Items from a data source:
+++

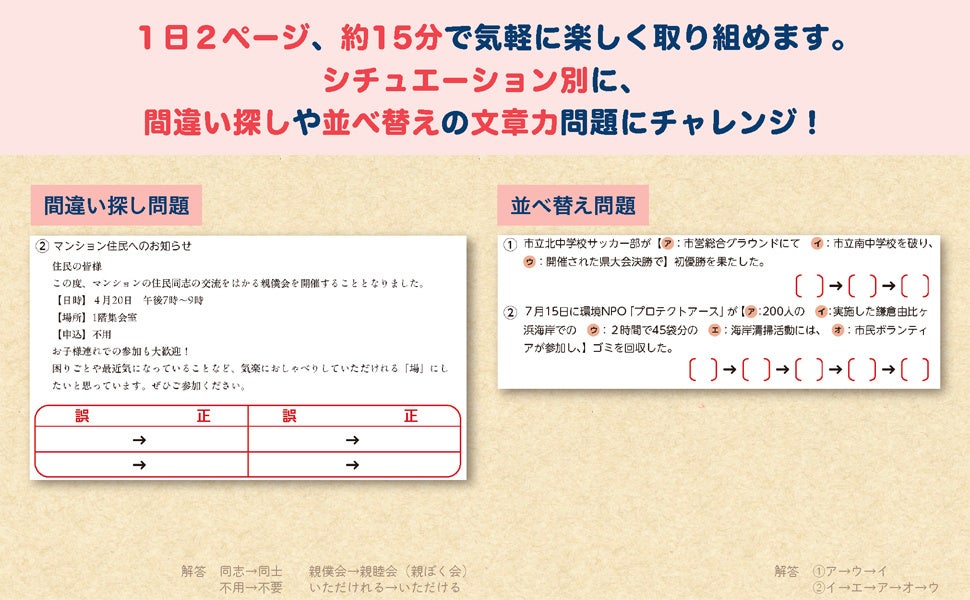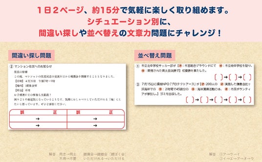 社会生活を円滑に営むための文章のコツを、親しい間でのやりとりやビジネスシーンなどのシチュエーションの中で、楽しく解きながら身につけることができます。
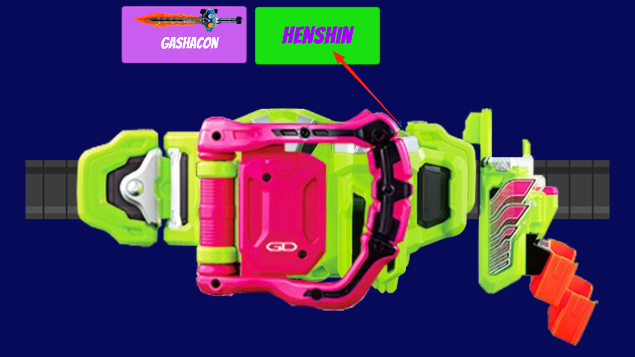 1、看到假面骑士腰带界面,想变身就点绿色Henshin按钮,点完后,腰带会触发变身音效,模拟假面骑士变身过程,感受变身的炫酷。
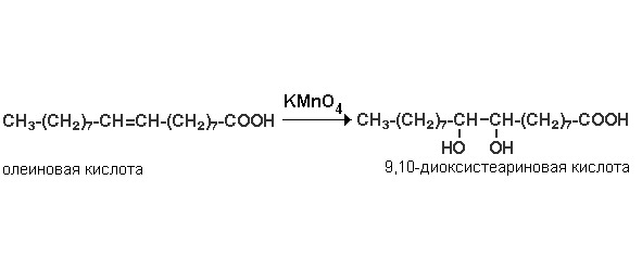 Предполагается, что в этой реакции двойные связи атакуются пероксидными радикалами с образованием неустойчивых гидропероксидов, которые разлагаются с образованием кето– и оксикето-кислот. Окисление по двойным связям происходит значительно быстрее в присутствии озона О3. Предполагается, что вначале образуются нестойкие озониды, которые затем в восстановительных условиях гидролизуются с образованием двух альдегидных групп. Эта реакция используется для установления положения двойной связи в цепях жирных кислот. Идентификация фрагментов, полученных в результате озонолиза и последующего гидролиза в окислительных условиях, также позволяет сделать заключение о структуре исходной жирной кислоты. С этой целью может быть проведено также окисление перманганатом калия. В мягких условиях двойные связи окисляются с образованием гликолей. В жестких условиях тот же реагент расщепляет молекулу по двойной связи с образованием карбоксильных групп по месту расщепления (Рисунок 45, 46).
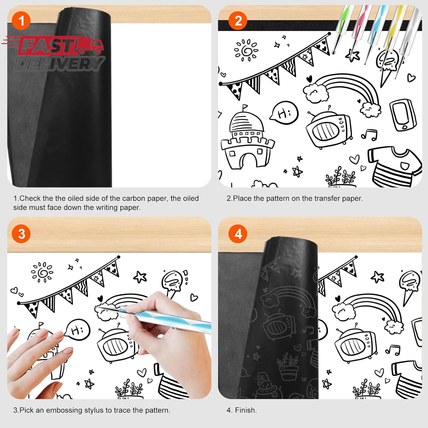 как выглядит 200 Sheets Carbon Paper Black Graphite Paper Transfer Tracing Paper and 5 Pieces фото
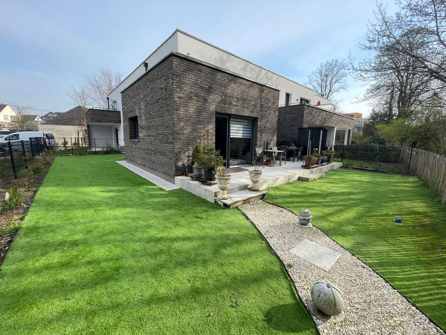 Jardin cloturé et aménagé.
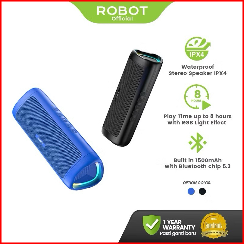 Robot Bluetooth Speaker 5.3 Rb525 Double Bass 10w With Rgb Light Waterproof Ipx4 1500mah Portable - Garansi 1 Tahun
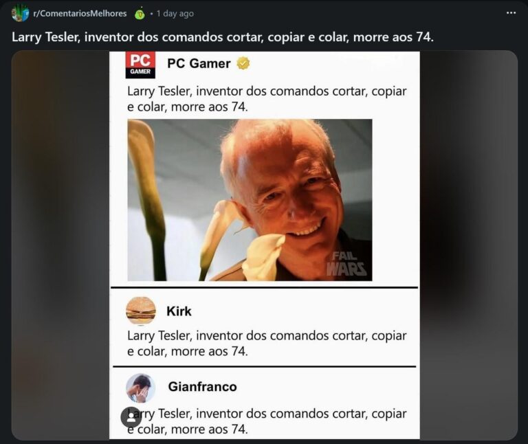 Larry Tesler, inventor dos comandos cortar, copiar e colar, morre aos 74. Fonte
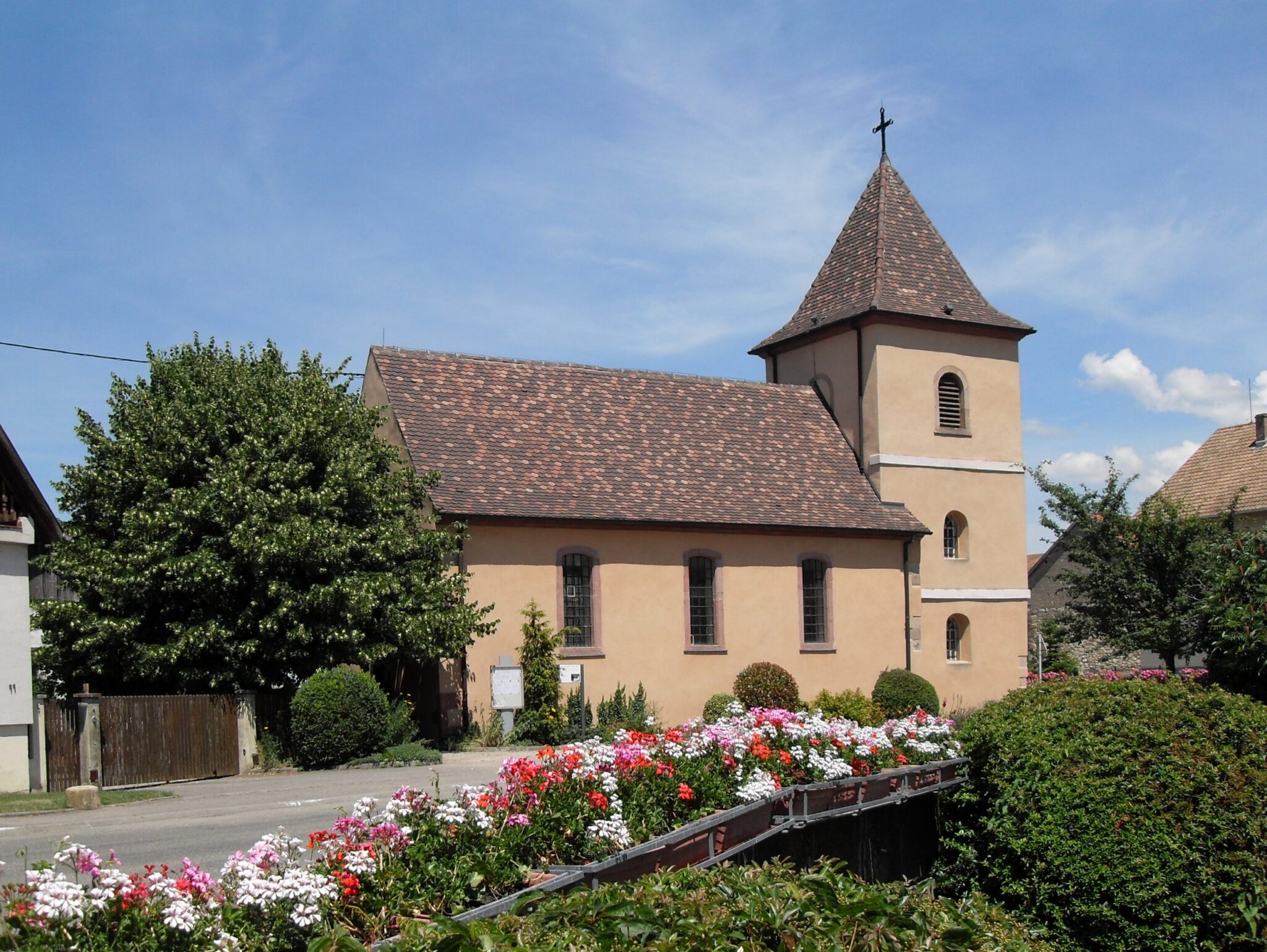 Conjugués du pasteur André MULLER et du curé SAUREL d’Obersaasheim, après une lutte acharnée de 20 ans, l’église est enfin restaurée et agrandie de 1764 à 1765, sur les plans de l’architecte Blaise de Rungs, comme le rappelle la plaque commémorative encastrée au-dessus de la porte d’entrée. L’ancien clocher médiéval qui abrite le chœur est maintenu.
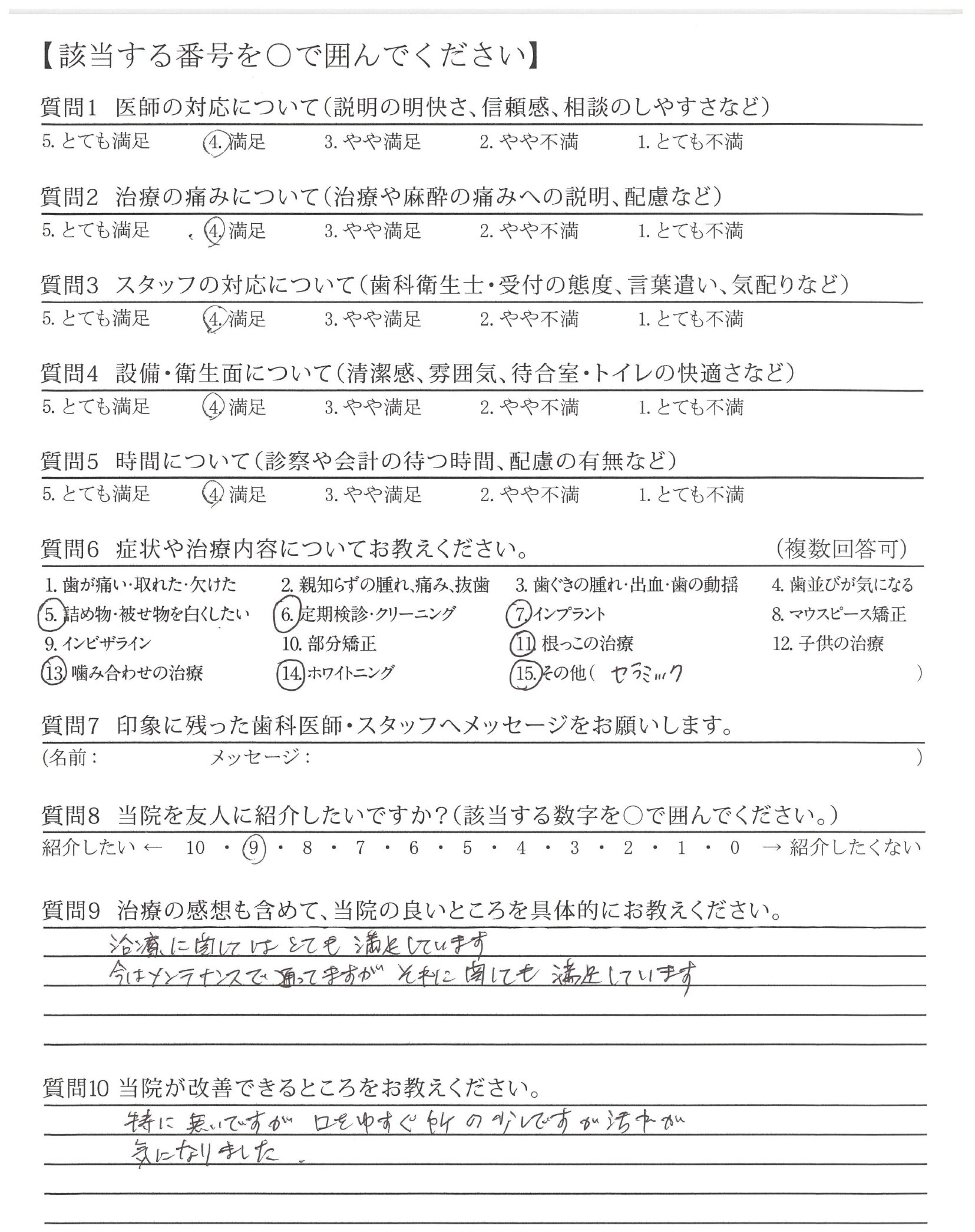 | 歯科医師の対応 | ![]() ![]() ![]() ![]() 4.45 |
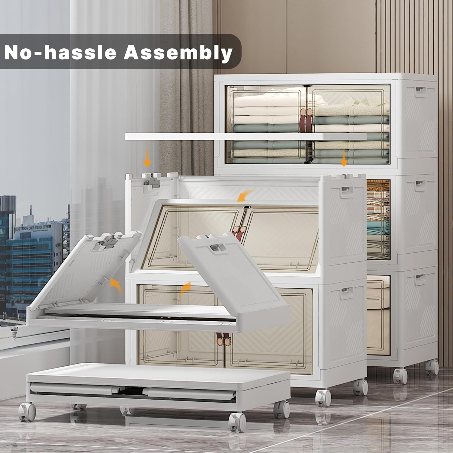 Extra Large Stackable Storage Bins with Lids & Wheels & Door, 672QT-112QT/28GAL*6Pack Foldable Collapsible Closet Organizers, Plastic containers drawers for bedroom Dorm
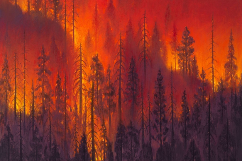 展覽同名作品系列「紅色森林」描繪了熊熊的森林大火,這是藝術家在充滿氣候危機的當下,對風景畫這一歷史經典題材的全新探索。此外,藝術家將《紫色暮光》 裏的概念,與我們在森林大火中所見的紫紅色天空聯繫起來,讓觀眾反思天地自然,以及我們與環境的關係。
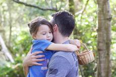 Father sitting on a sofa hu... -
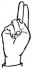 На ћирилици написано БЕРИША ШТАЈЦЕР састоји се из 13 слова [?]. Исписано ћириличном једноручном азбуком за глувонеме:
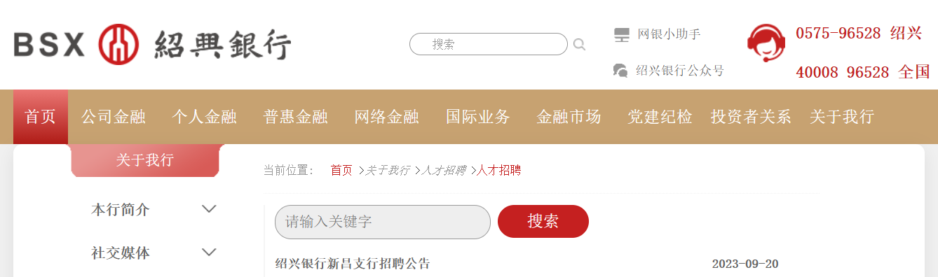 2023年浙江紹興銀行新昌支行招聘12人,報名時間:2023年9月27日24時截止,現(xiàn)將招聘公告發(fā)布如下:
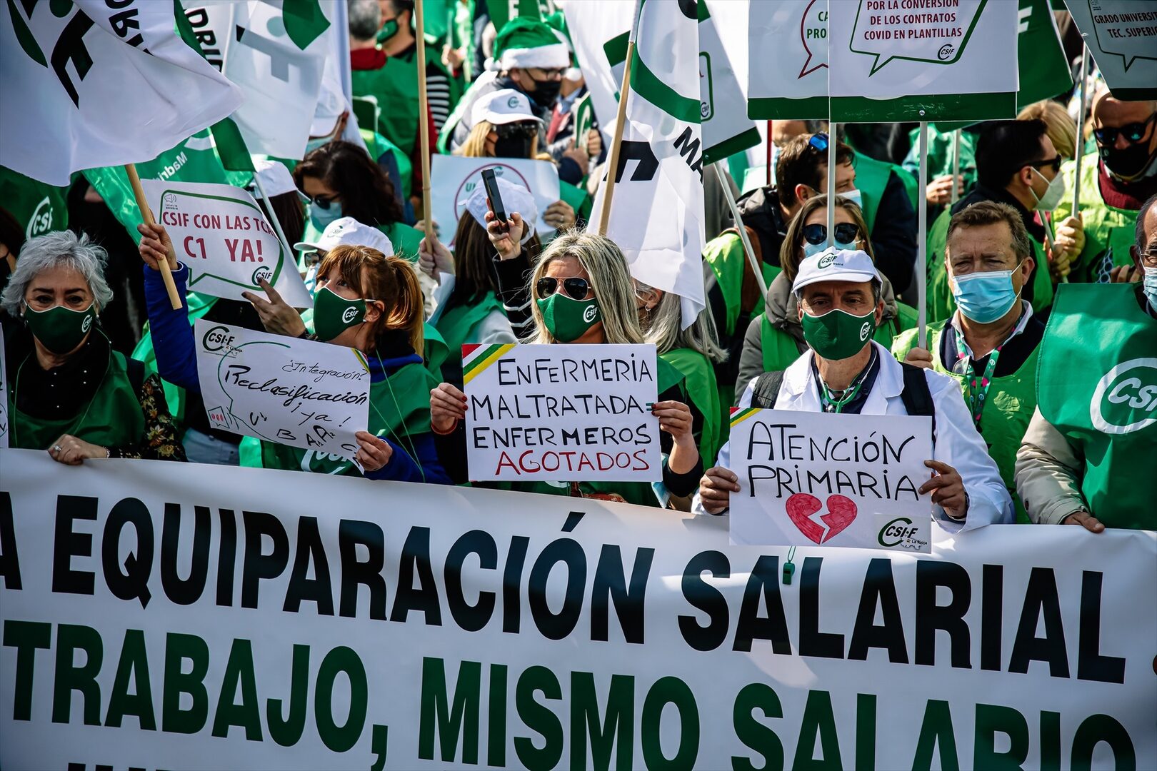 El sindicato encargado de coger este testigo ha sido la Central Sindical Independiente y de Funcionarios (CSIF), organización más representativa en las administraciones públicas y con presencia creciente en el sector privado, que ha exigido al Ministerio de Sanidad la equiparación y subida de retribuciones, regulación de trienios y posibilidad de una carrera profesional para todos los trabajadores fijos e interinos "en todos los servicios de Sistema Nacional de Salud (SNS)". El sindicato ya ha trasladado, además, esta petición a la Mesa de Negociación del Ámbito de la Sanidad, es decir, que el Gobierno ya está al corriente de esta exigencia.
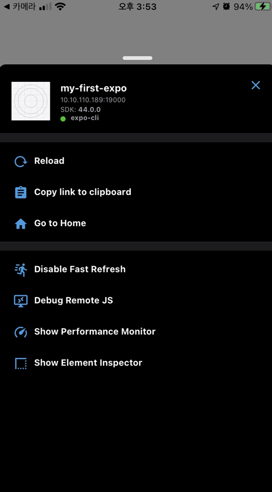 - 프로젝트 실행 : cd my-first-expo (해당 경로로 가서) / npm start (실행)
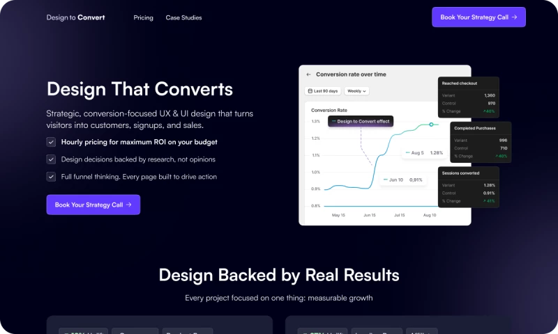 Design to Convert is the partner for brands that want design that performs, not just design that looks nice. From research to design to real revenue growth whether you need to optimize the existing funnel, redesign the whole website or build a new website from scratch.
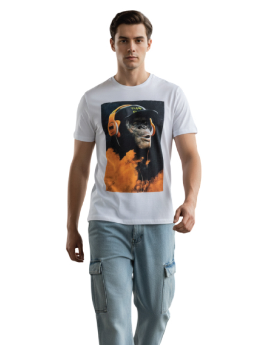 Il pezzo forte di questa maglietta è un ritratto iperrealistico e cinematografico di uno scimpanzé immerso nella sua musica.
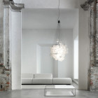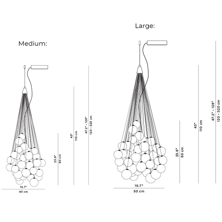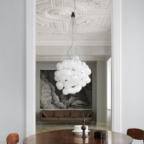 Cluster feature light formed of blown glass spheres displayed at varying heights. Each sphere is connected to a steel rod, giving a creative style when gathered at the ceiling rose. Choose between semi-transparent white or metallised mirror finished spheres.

+++

Task goal:
Copy nothing past the line containing "1、看到假面骑士腰带界面,想": reproduce every line from the start of the records up to it, skipping pictures.

Reply:
 社会生活を円滑に営むための文章のコツを、親しい間でのやりとりやビジネスシーンなどのシチュエーションの中で、楽しく解きながら身につけることができます。
 1、看到假面骑士腰带界面,想变身就点绿色Henshin按钮,点完后,腰带会触发变身音效,模拟假面骑士变身过程,感受变身的炫酷。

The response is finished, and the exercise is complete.